PPMD; Our Mission

Our Story

Christopher, the youngest of our three children is a very loving and always happy little guy with a smile that lights up the world.  Christopher is game for anything and, above all, wants to keep up with his older brother, Connor, and older sister, Gracie. 

On November 6, 2008, we were broadsided with the news of Christopher’s diagnosis. It was earlier in that same day that we had taken him to see a rehabilitation doctor at Children’s Hospital in Denver. We had noticed that he had difficulty climbing the stairs, couldn’t quite jump and seemed to have low muscle tone. We had assumed he just needed a little physical therapy to strengthen his muscles. But after just one doctor’s appointment and one blood test, we received the devastating news that our seemingly perfectly healthy 2½-year-old boy had Duchenne muscular dystrophy, a fatal genetic disorder.  

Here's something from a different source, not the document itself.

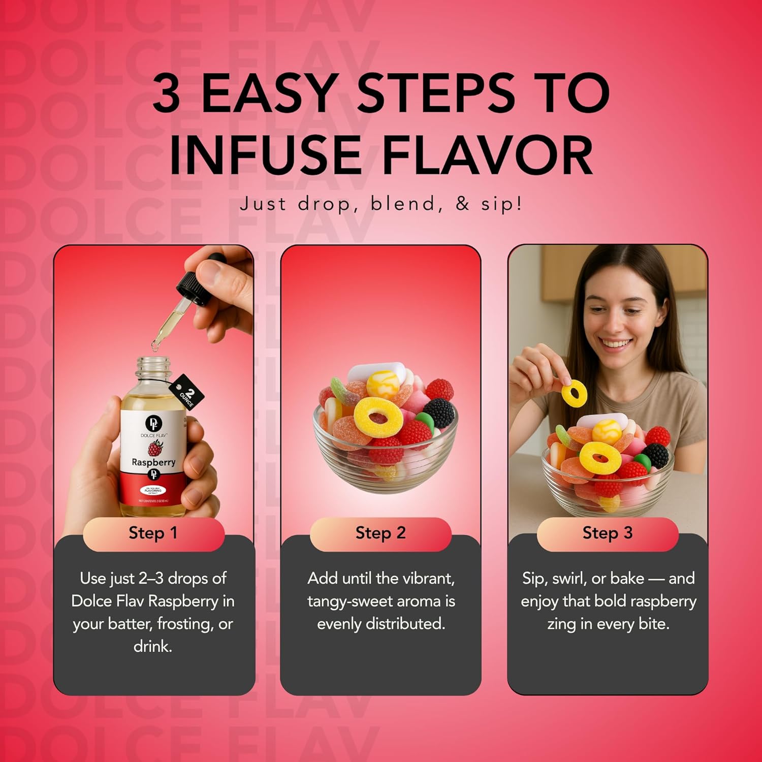 - Mastering Raspberry-Infused Confections: With our pure raspberry essence, you can achieve a full-bodied raspberry flavor in every candy and dessert, from tangy raspberry gummies to mouthwatering frostings.

The doctors told us that Christopher was on a path leading to an early death and would probably lose the ability to walk by age 10 to 12, the use of his arms by his late teens, and would not likely survive his twenties. There is currently no cure. Duchenne affects approximately one in every 3,500 boys and is a progressive disease that slowly causes complete loss of muscle function. Although Duchenne is a genetic disorder, approximately 35% of cases occur because of a random spontaneous mutation. Duchenne can affect any family.

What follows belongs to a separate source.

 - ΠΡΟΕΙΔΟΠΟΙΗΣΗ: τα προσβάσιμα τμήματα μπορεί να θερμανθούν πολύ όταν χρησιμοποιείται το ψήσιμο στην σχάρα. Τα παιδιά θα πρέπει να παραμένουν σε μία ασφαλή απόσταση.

The fight against Duchenne has been severly underfunded.  The future seemed bleak, and yet, as we did more research, we found something else: hope.

Finding Hope

We learned that for the first time in the history of this disease, there were clinical trials underway for treatments with the potential to slow the progression of the disease. These treatments may change Duchenne into a disease that can be managed over a lifetime, much like diabetes is today. And there are many other research initiatives underway, all pursuing promising advances.  

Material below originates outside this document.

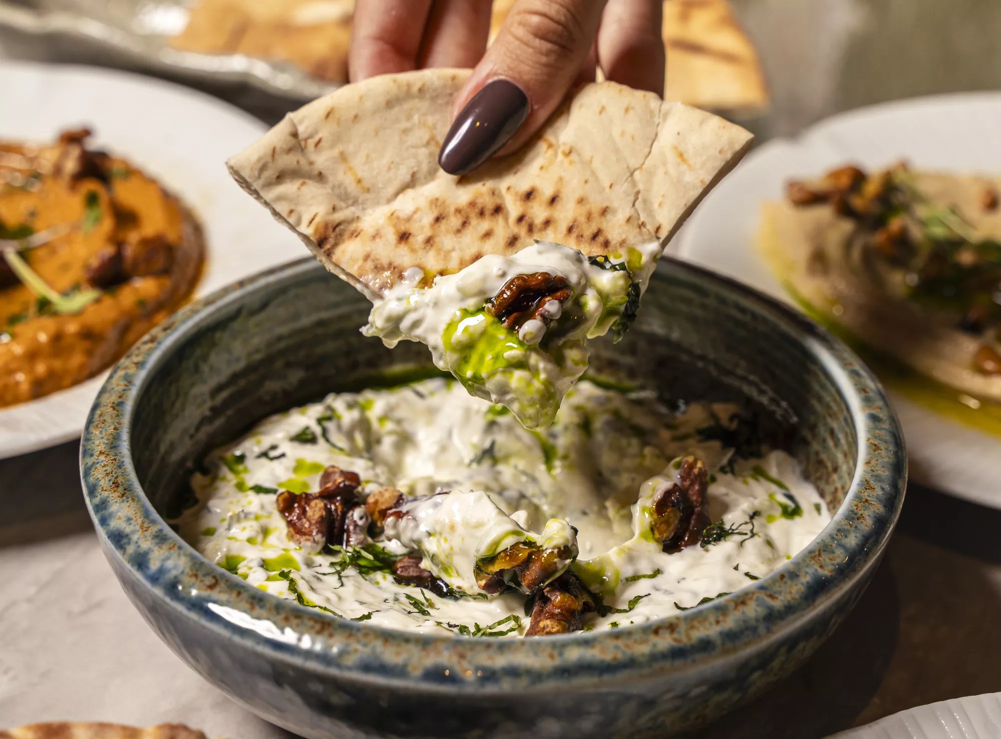 Executive chef Alp Karataslioglu, from the original New York location, is assisting with launching the Midtown location before handing off the kitchen to executive chef Tolga Mutlu. Mutlu draws inspiration from the Aegean Coast and Greek markets and has worked in high-end kitchens.

As we made more contacts and learned more about Duchenne, doctors and researchers in the field assured us that there will indeed be treatments and ultimately a cure for this disease. These experts said we truly can have hope for the future of our son. Yet they cautioned that research takes a long time, is extremely expensive and is often delayed due to lack of funding.  No single treatment in development today is likely to stop the progression of the disease, so a combination of several drugs will be required.  We also learned that we are close to potential treatments because of the efforts of parent-led organizations that have worked tirelessly to generate funding for research. We are in a race against time, as each day, with each step, Christopher’s muscles weaken.  We need to act urgently.

Foundation for a Future

In 2009 we incorporated Foundation for a Future. The sole purpose is to raise money to fund research that has the potential to bring treatments and, ideally, a cure for Duchenne to market in time to save this generation of boys.  

Our goal is clear and our commitment is unwavering: we want to do everything we can to help give these boys a better future - and to send Duchenne into the past.   With the help of many caring people, we can make it happen.